No Health Insurance Required for Young and Healthy People

There is a view floating around with many people that if you are young and healthy, you do not require a health insurance cover. However, the truth is that it is the best time to buy a health insurance policy while you are healthy and young. As you grow older, and with consistent policy renewals, you will have better claim experiences, whenever the situation arises. Also, you can have accident cover clubbed together with your health insurance, and accidents are something that can happen at any age.

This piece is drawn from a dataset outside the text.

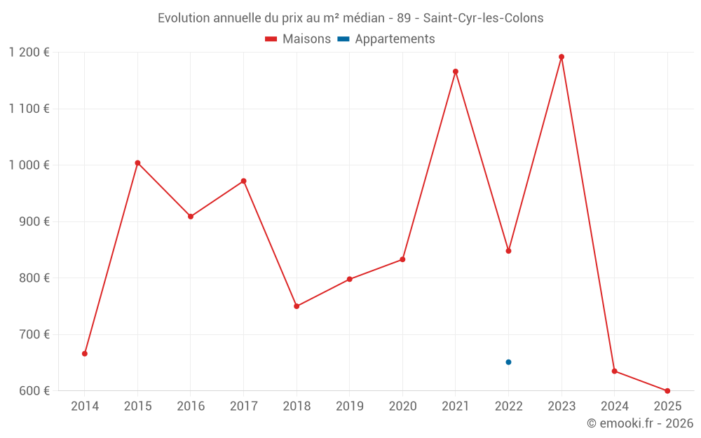 Le prix médian sur les 16 transactions de maisons des 24 derniers mois dans la commune de Saint-Cyr-les-Colons était de 650 € par mètre carré pour une valeur foncière médiane de 53 750 €. Sur cette période 60% des transactions se sont situées entre 371 et 1 304 € par mètre carré (du 2ème au 8ème déciles).

Eligibility to All Insurance Policy Benefits from First Day

You must remember that every health insurance policy comes with a specific waiting period, during which certain ailments are not covered. In fact, for pre-existing illnesses which get detected after your policy starts, you can get the coverage for related expenses only after a minimum of 48 months from the beginning of the policy.

Cheap Policy is Affordable

Many find it difficult to pay the premium of health insurance policy but have enough money to spend on non-essential items. Such people try to opt for the cheapest insurance policy that they come across to have a tick in the box against health insurance cover. But, little do they realise that such affordable plans have small coverage, plus exclude a lot of benefits. You come to know about these exclusions only when you make your first claim, by when it is too late, and you end up spending a lot more from your pocket. Instead, it makes sense to pay a slightly higher premium every year to cover yourself for medical emergencies where the expenses could hit the roof.

Complete Cost Reimbursement from Insurer

Most insurers may not provide you with a reimbursement of 100 per cent of the costs borne during hospitalization and treatment of a disease/injury. Many of the times, the reimbursement could be about 75 or 80 per cent of the total amount for which you have claimed. It is here that you may get a surprise if you haven’t read the policy document carefully.